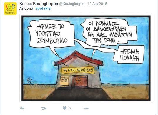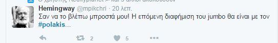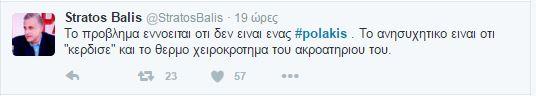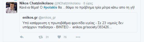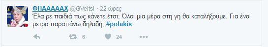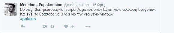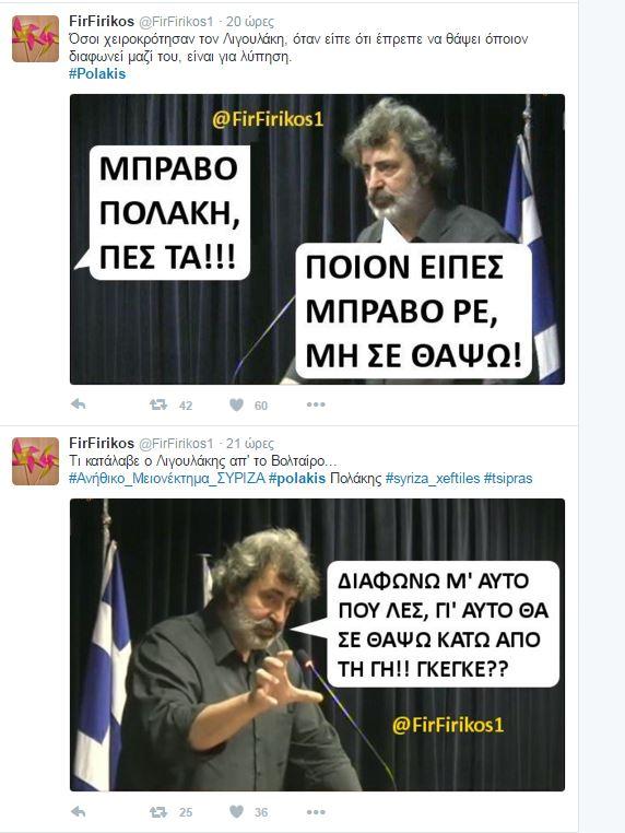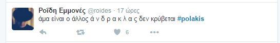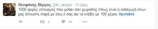 Συνεχίζονται οι αντιδράσεις στο twitter και στο διαδίκτυο γενικότερα οι αντιδράσεις για τον «αγροίκο» από τα Σφακιά, όπως τον αποκαλούν, εξαιτίας των απίστευτων ύβρεων και απειλών . Και σήμερα δημοφιλές hashtag, δηλαδή αυτό πυο συγκεντρώνει το ενδιαφέρον των περισσότερων χρηστών, το #polakis.
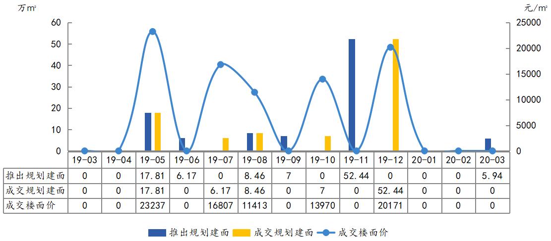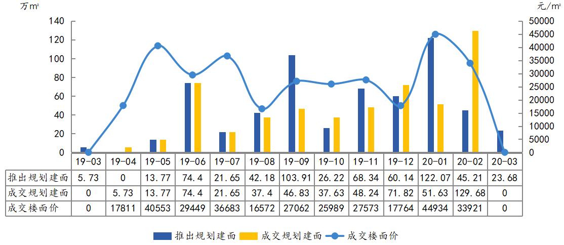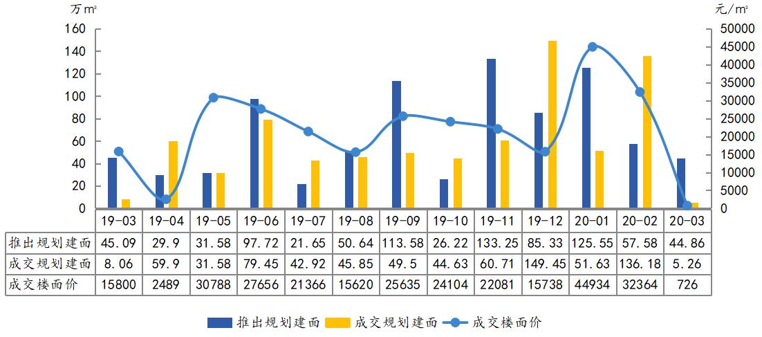 2020年1-3月,北京市共推出土地规划建面190.96万㎡,成交181.31万㎡,成交楼面均价37057元/㎡。2020年3月,共推出土地规划建面23.68万㎡,无成交土地。
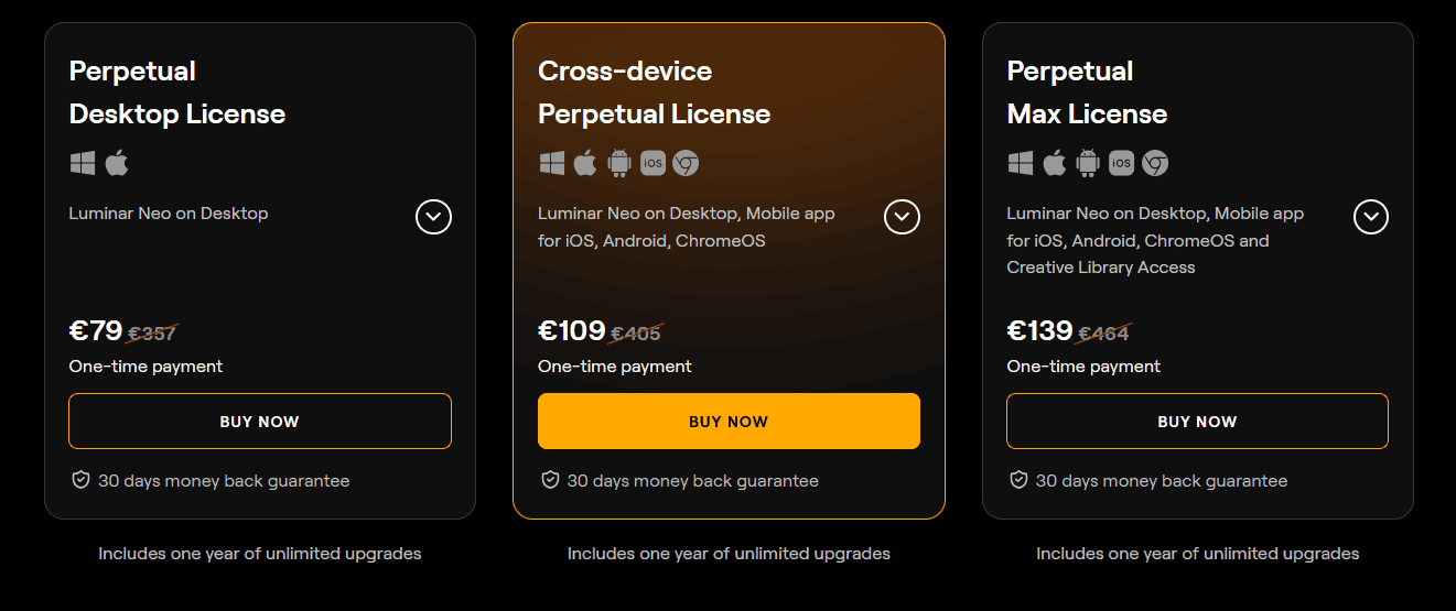 Skylum is currently running a sale that can be combined with the discount code. Until July 1, 2025, you can get a perpetual subscription for as little as €63:
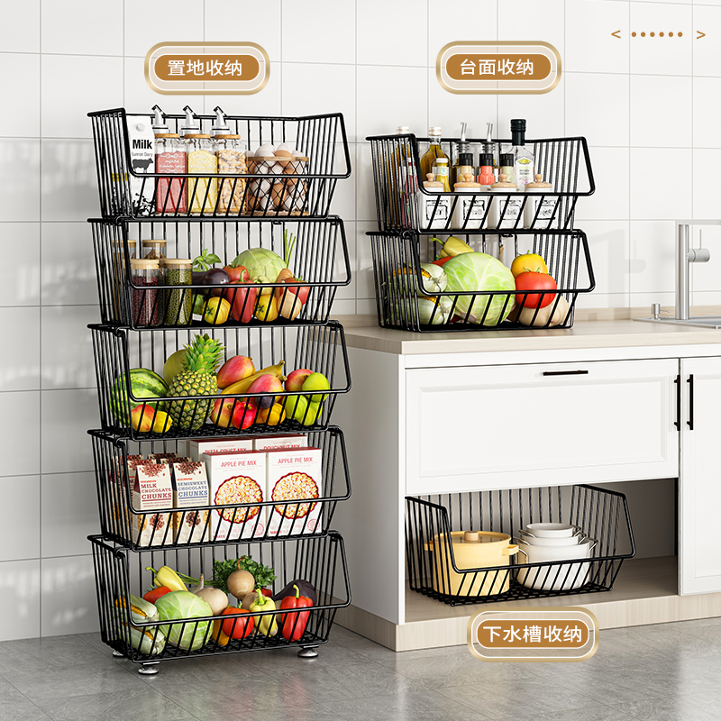 多層キッチン棚家庭用移動収納棚黒色穴なし多機能スナック玩具収納バスケット

######

What is required:
The copy should hold, exactly, the lines from the one containing "2020年1-3月,北京市共" to the final line of the listing above, with both ends present and no pictures.

Response for this exercise:
 2020年1-3月,北京市共推出土地规划建面190.96万㎡,成交181.31万㎡,成交楼面均价37057元/㎡。2020年3月,共推出土地规划建面23.68万㎡,无成交土地。
 Skylum is currently running a sale that can be combined with the discount code. Until July 1, 2025, you can get a perpetual subscription for as little as €63:
 多層キッチン棚家庭用移動収納棚黒色穴なし多機能スナック玩具収納バスケット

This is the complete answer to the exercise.